Deep reinforcement learning models are vulnerable to adversarial attacks that can decrease the cumulative expected reward of a victim by manipulating its observations. Despite the efficiency of previous optimization-based methods for generating adversarial noise in supervised learning, such methods might not achieve the lowest cumulative reward since they do not generally explore the environmental dynamics. Herein, a framework is provided to better understand the existing methods by reformulating the problem of adversarial attacks on reinforcement learning in the function space. The reformulation approach adopted herein generates an optimal adversary in the function space of targeted attacks, repelling them via a generic two-stage framework. In the first stage, a deceptive policy is trained by hacking the environment and discovering a set of trajectories routing to the lowest reward or the worst-case performance. Next, the adversary misleads the victim to imitate the deceptive policy by perturbing the observations. Compared to existing approaches, it is theoretically shown that our adversary is strong under an appropriate noise level. Extensive experiments demonstrate the superiority of the proposed method in terms of efficiency and effectiveness, achieving state-of-the-art performance in both Atari and MuJoCo environments.

查看原文

微信好友朋友圈 QQ好友复制链接

本刊更多论文

了解深度强化学习中对观察结果的对抗性攻击

深度强化学习模型很容易受到对抗性攻击的影响，对抗性攻击可以通过操纵受害者的观察结果来降低其累积预期奖励。尽管之前基于优化的方法在监督学习中生成对抗噪声的效率很高，但由于这些方法一般不会探索环境动态，因此可能无法实现最低累积奖励。本文提供了一个框架，通过在函数空间中重新表述对强化学习的对抗性攻击问题，更好地理解现有方法。本文采用的重新表述方法可在目标攻击的函数空间中生成一个最佳对手，并通过一个通用的两阶段框架击退它们。在第一阶段，通过黑客攻击环境并发现一组通向最低奖励或最差性能的轨迹来训练欺骗性策略。接下来，对手通过扰动观测数据误导受害者模仿欺骗性策略。与现有方法相比，理论证明我们的对手在适当的噪声水平下是强大的。广泛的实验证明了所提方法在效率和效果方面的优越性，在 Atari 和 MuJoCo 环境中均达到了最先进的性能。

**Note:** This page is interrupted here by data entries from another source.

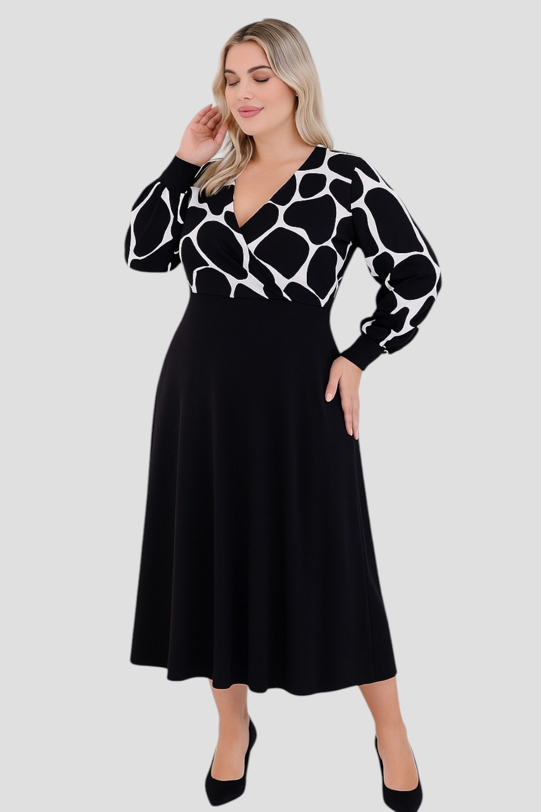 Γυναικείο Φόρεμα Viscose Μαύρη Με Print Zevra Curve-Plus Size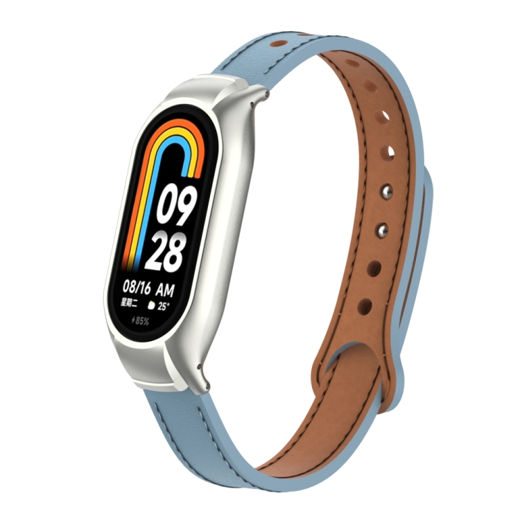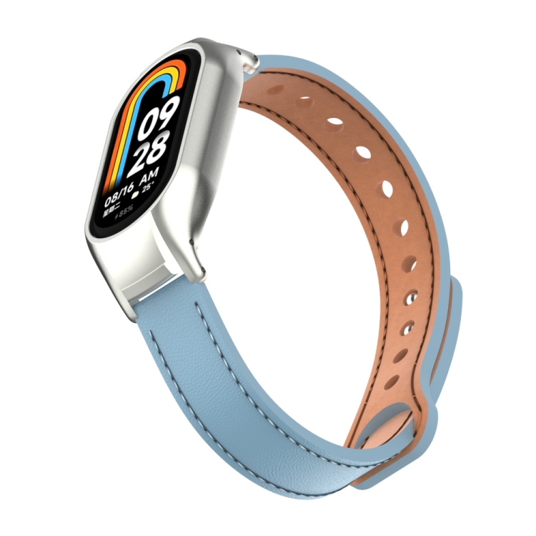 Caja de Metal Integrada + Banda de Cuero Microfibra Doble Clavo para Xiaomi Mi Band 8 (Azul Claro)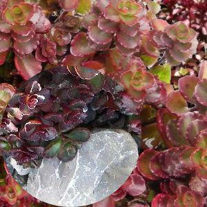 Sédum à petites feuilles persistantes aplaties, grasses, pourpres. Au printemps apparaissent de minuscules fleurs jaunes. Il est est très rustique -12/ -15°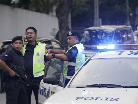 Cảnh sát Malaysia tại khu vực bên ngoài Đại sứ quán Triều Tiên tại Kuala Lumpur
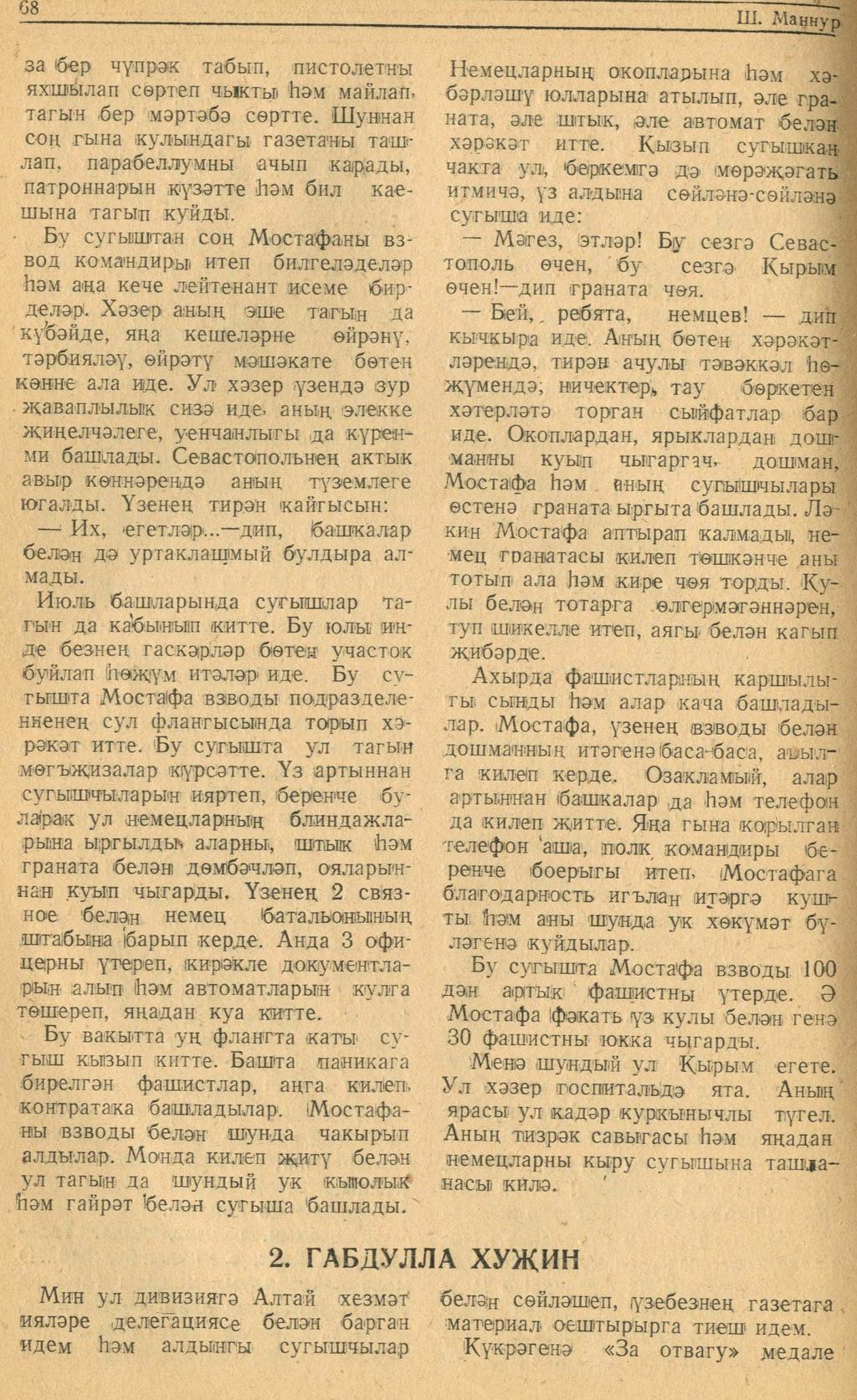 Мәкәлә.Ш.Маннур. “Журналист блок-нотыннан”. - Журнал “Совет әдәбияте”.- 1942 (№9-10). – 66-72 бб.

本文章由计算机程序翻译，如有差异，请以英文原文为准。

求助全文

约1分钟内获得全文去求助

来源期刊

Science China Information Sciences COMPUTER SCIENCE, INFORMATION SYSTEMS-

CiteScore

12.60

自引率

5.70%

发文量

224

审稿时长

8.3 months

期刊介绍： Science China Information Sciences is a dedicated journal that showcases high-quality, original research across various domains of information sciences. It encompasses Computer Science & Technologies, Control Science & Engineering, Information & Communication Engineering, Microelectronics & Solid-State Electronics, and Quantum Information, providing a platform for the dissemination of significant contributions in these fields.